Esta búsqueda socialmente gravosa de transferencias de riqueza lleva a costos sociales elevados por la elección de políticas para restringir la competencia. Una búsqueda improductiva, destructora de valor y dilapidadora de recursos valiosos por la intervención guberno namental en la economía que lleva a la creación de rentas artificiales e inventadas. Estos esfuerzos para obtener rentas no pueden ser públicos y permanecen ocultos en la maraña administrativa, por eso la transparencia de los actos de gobierno tendría asimismo el beneficio de la reducción de ganancias políticas excepcionales.

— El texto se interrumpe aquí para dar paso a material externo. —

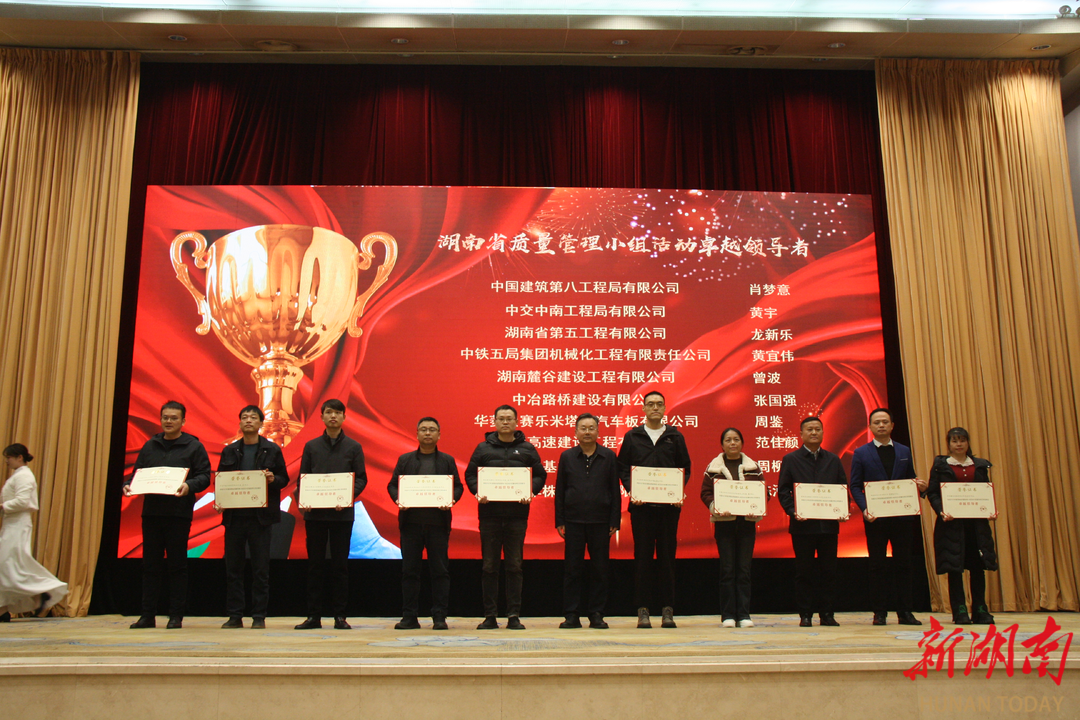 表彰环节成为大会亮点。本次大会共对九批先进典型进行表彰,包括质量管理小组活动一等成果代表、质量信得过班组建设一等成果代表,以及优秀企业、卓越领导者、优秀推进者、优秀小组长(班组长)等。其中,中国航发南方工业有限公司、湖南高速建设工程有限公司等 10 家企业获评 “优秀企业”;肖梦意、黄宇等 20 名同志获评 “卓越领导者”;李祚全、王娜等20名同志获评“优秀推进者”。同时,中建五局第三建设有限公司常德芙蓉公园建设项目等获评三星级用户满意工程,中国建筑第五工程局有限公司长沙轨道交通一号线北延一期工程等获评五星级现场。省、市相关部门领导分别为获奖代表颁奖。

El mal no termina una vez creado el arancel, controlados los precios o limitados por ley los horarios y días de apertura comercial, el gasto de lobby debe continuar para defender la situación obtenida. Aparecen pues nuevos gastos no productivos para defender la situación de privilegio legal. Una vez concedida una subvención, privilegio exclusivo, beneficio o renta política, su derogación es dificilísima. Incluso si todos estuvieran de acuerdo en que la suma de esas trabas aprisiona al crecimiento económico, los grupos de interés aceptarían que todo se reforme menos, naturalmente, lo suyo.

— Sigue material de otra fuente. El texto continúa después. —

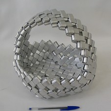 CESTA (26X20X24 CM) EM FORMATO DE CORAÇÃO, COM ALÇA, CONFECCIONADA COM TIRAS DE PAPELÃO PRATEADO DE EMBALAGENS TETRAPAK, TRANÇADAS ENTRE SI.

Esta corrupción tiene un alto costo, desalienta las inversiones con expectativas de futuro, con lo cual se comprometen la vida y el destino de las futuras generaciones destruyendo las esperanzas de una vida mejor mucho antes de que estas puedan desarrollarse. Destruye la conciencia jurídica al grado de volverse insensible incluso a los delitos de gran impacto, la corruptela adquiere visos de heroísmo descarado.
Pero los costos de transacción son soportados igualmente en la sociedad moderna. Como señala Mancur Olson, los grupos organizados imponen su voluntad sobre los sectores sociales amplios pero desorganizados. Los pequeños grupos de interés tienen un poder desproporcionado frente a la sociedad desorganizada. Son los grupos pequeños quienes tienen una tendencia a imponer su voluntad sobre los grandes, y mucho más sobre la mayoría desorganizada. Porque grandes grupos con intereses económicos diversos no podrán cumplir con las expectativas de todos sus miembros, es consecuencia de los costos de organización cuanto mayor el grupo mayor costo para imponer su voluntad.
Si tenemos en cuenta la importancia de los costos de transacción en las economías modernas la receta de Ronald Coase es altamente pertinente: la reducción de los costos de transacción es en sí misma una estrategia de desarrollo económico, porque permite disponer para el crecimiento recursos perdidos en actividades inútiles.
Un decreto desregulador cumple entonces el mandato constitucional según nos recuerda Alberdi: el sistema proteccionista, que consiste en la prohibición de importar ciertos productos, en los monopolios indefinidos concedidos a determinadas fabricaciones y en la imposición de fuertes derechos de aduanas, son vedados de todo punto por la Constitución argentina, como atentatorios de la libertad que ella garantiza a todas las industrias del modo más amplio y leal, como trabas inconstitucionales opuestas a la libertad de los consumos privados. El gobierno no ha sido creado para hacer ganancias, sino para hacer justicia; no ha sido creado para hacerse rico, sino para ser el guardián y centinela de los derechos del hombre, el primero de los cuales es el derecho al trabajo, o bien sea la libertad de industria.
La Constitución es una gran ley derogatoria, a favor de la libertad, de las infinitas leyes que constituían nuestra originaria servidumbre.
Publicado en La Nación el 21 de diciembre de 2023.